While the predictions overall are very accurate and it does a great job of predicting which children won’t have a low birth weight, it does a poor job of indicating which children do have a low birth weight. Boosting and bagging trees were also attempted, but lead to similar results.

# Conclusion

Based on most of the models, race, smoking, and UI presence are useful predictors for if a child is born with a low birth rate. As initially anticipated, there are other factors which can determine a child’s weight that was not presented in the data. For as bad as smoking is, alcohol and illegal drugs are more harmful to fetal development. Another interesting variable would have been household income to determine if there is a disparity between poorer and wealthier households. It is unknown how many of these women were married or single.

`hist(birthwt$age, col="cyan", main="Age Histogram", xlab="Mother's Age")`

One somewhat shocking surprise was that age was not significant in most of the models.
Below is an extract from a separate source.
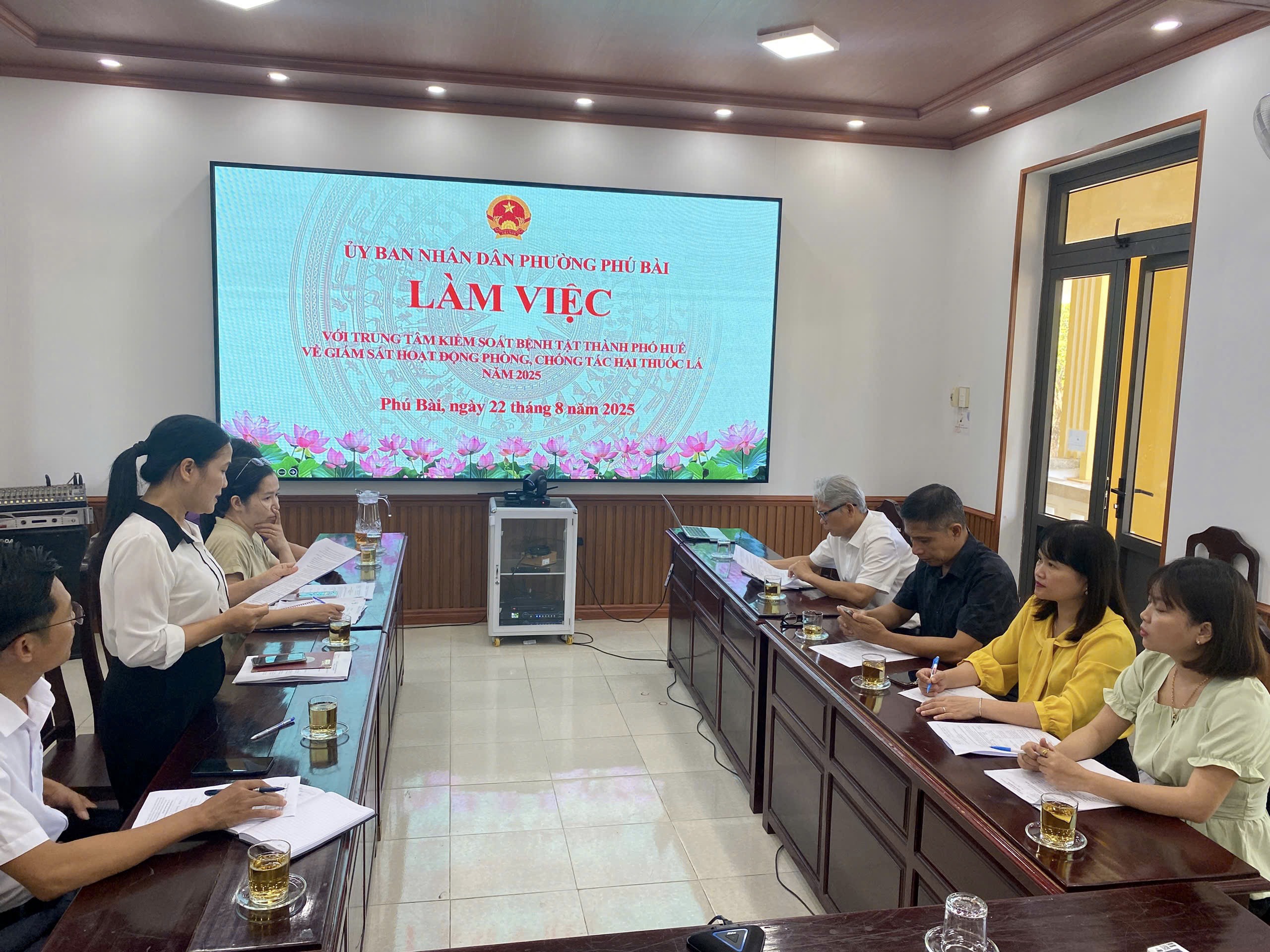 Ngày 21-22/8/2025, Trung tâm Kiểm soát bệnh tật thành phố Huế đã tổ chức giám sát hoạt động phòng, chống tác hại thuốc lá tại UBND, Trạm Y tế xã Khe Tre và phường Phú Bài. Tham dự đoàn giám sát, về phía Trung tâm Kiểm soát bệnh tật có lãnh đạo và viên chức Khoa Truyền thông giáo dục sức khỏe; về phía các đơn vị được giám sát có đại diện lãnh đạo và các thành viên Ban chỉ đạo Phòng chống tác hại thuốc lá cùng tham dự.

Typically, younger women have to be more viligant on prenatal car because their bodies are less likely to handle a child. There doesn’t appear to be anything unusual about the data on this variable.

The data, and as a result the model, is restricted to only the Baystate Medical Center. A further study of other hospitals in the area and outside the area is needed to come to any major conclusions. However, it is useful as an initial insight into a major health concern.